A few facts appear to us of especial importance. In practical perfumery many of the plants which are easily obtainable in large quantities, such as the flowers of clover and trefoil, the primrose, the rock-rose (Daphne Cneorum), dame’s-violet (Hesperis matronalis), and others above named, have never been employed. As an actual curiosity we may state that there is thus far no perfume containing the delightful odor present in the flowers of the linden-tree, of the Robinia (erroneously called Acacia), of the lilac, etc., at least not made from the plants here named.
[CHAPTER V.]
THE ANIMAL SUBSTANCES USED IN PERFUMERY.
While the vegetable kingdom offers us an abundance of aromatic odors the end of which it is impossible to foresee, the animal kingdom contains absolutely no substance which may be called sweet-scented in the strict sense of the term. If we find nevertheless a few animal substances generally used in perfumery, they should be considered rather as excellent means for fixing subtle vegetable odors than as fragrant bodies in the true sense. By themselves, indeed, they have an odor, but to most persons it is not agreeable even if properly diluted. Thus far only five substances of animal origin are employed in perfumery, namely: ambergris, castor, hyraceum, musk, and civet.
Ambergris.
Latin—Ambra grisea; French—Ambregris; German—Ambra.

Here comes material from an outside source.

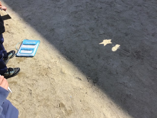 太陽の光について、校庭で鏡を使った実験をしました。鏡ではね返った光はまっすぐ進むことを学び、今日は画用紙で作った形の光ができるかを実験しました。遠くに反射した光は形になりにくく、近くに反射するときれいな形になりました。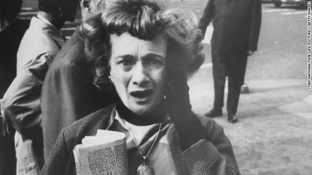 Một phụ nữ tại thanh phố New York tỏ ra bàng hoàng khi nghe tin tổng thống Kennedy qua đời. Ảnh: Getty Images.

This is a substance whose origin is still doubtful; many facts indicate that it is a secretion—whether normal or morbid may be left undecided—of the largest living mammal, namely, of the pot-whale (Physeter macrocephalus). Ambergris is found in the intestines of this animal or, more frequently, floating about in the sea; the shores of the continents bordering the Indian Ocean furnish the largest amount of this peculiar substance.

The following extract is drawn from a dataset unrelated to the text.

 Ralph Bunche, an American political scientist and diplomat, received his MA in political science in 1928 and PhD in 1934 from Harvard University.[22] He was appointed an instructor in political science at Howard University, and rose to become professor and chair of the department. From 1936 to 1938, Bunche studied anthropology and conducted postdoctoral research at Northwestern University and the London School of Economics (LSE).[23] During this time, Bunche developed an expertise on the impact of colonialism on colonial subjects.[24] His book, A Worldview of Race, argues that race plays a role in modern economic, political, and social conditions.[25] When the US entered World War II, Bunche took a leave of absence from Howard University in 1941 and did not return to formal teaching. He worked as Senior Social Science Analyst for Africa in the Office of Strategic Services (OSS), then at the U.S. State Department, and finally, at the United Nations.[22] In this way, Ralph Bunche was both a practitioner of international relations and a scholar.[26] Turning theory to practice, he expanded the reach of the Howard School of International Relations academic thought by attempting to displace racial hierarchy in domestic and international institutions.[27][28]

Ambergris is a grayish-white fatty substance which occurs in commerce in pieces of various sizes—those as large as a fist are rare—of a penetrating, decidedly disagreeable odor. It is soluble in alcohol, and when properly diluted the odor becomes pleasant and it is so permanent that a piece of linen moistened with it smells of it even after being washed with soap. By itself, ambergris is not much used; it finds its chief application in combination with other odors or as an addition to some perfumes in order to make them lasting.
Castor.
Latin—Castoreum; French—Castoreum; German—Castoreum.

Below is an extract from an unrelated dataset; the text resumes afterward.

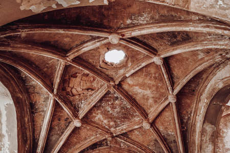 BRNO, CZECH REPUBLIC - MARCH 10, 2022: The stone vault with cross shape in the chamber of Old Town Hall, on March 10 in Brno, Czech Republic

This is a secretion of the beaver (Castor fiber); it accumulates in two pear-shaped bags on the abdomen of the animal, both male and female. The hunters remove these bags from the body of the dead animal and in this form they are brought into commerce. These sacs are the length of a finger, at the thickest point the diameter of a thumb, and contain a greasy mass of yellowish-brown, reddish-brown, or blackish color, according to the nourishment of the animal. This mass constitutes castor; it has a strong, disagreeable odor, a bitter, balsamic taste, becomes soft when heated, is combustible, and almost entirely soluble in alcohol. It is probable that this secretion in its composition has some relation to the nourishment of the beavers which feed by preference on resinous vegetable substances. In commerce Canadian and Siberian castor are distinguished; the latter is more valuable and has almost disappeared from the market. It possesses a peculiar tarry, Russian-leather odor, probably due to a substance present in birch bark, upon which the Siberian animals feed almost exclusively. Canadian castor has an odor more nearly resembling pine resin. In perfumery castor is rarely used, usually only for fixing other odors.